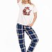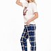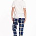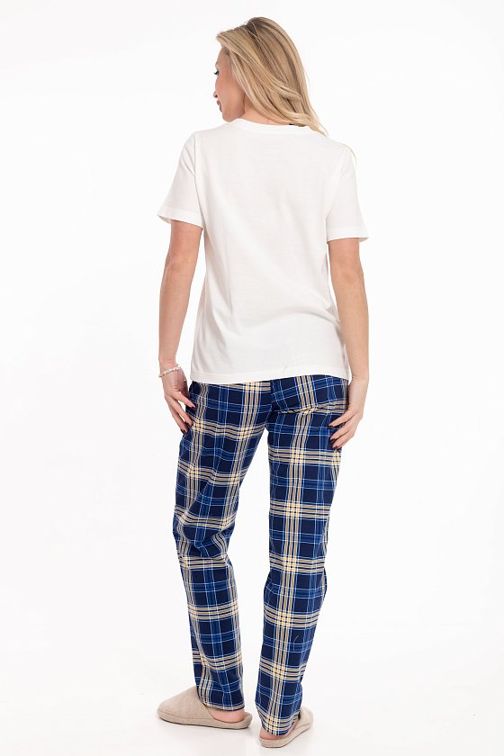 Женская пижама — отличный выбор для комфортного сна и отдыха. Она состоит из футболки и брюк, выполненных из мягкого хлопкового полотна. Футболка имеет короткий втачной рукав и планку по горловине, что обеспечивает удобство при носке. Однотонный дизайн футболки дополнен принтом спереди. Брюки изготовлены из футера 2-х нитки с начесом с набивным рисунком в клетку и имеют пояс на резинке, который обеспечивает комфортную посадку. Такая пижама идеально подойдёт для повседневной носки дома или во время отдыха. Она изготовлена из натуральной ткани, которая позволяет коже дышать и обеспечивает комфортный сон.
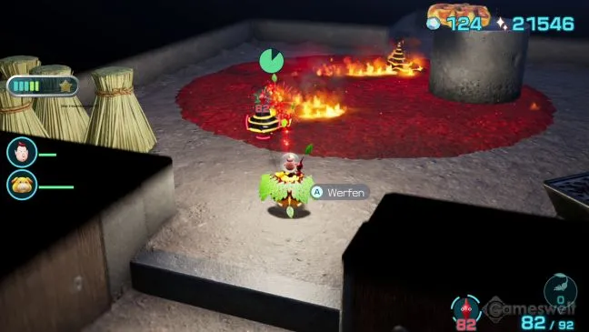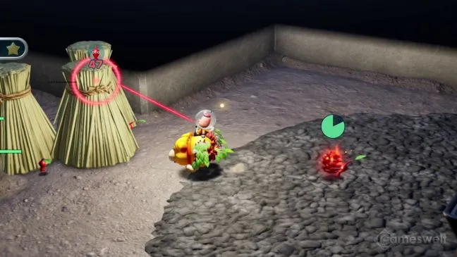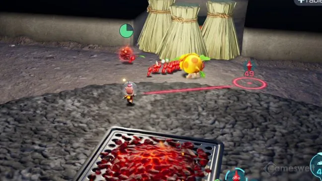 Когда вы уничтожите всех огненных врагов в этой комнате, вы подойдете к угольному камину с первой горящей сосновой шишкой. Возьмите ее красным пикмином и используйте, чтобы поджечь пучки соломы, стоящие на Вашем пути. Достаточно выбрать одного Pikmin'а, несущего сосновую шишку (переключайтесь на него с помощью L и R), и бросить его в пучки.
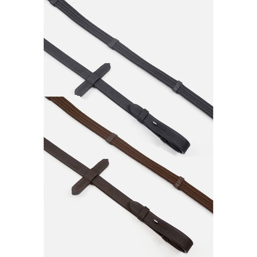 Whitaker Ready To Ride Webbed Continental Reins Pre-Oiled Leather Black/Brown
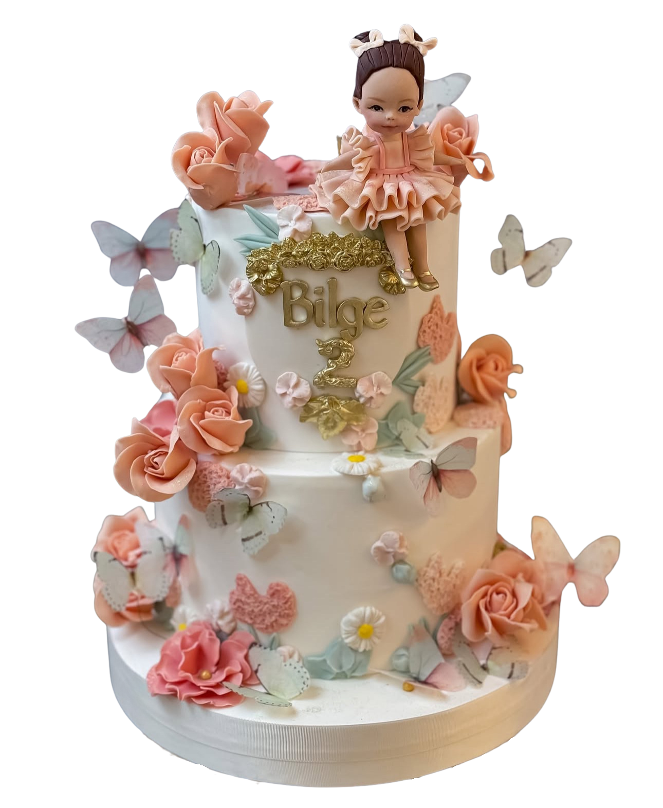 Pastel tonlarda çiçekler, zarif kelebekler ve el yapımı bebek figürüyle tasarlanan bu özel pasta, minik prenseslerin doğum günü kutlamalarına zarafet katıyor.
+++
• Task to carry out
Pictures stay out of this copy. Retype exactly the lines from the one with "Whitaker Ready To" through the last line of the data, both ends included, and nothing more.

• Response
 Whitaker Ready To Ride Webbed Continental Reins Pre-Oiled Leather Black/Brown
 Pastel tonlarda çiçekler, zarif kelebekler ve el yapımı bebek figürüyle tasarlanan bu özel pasta, minik prenseslerin doğum günü kutlamalarına zarafet katıyor.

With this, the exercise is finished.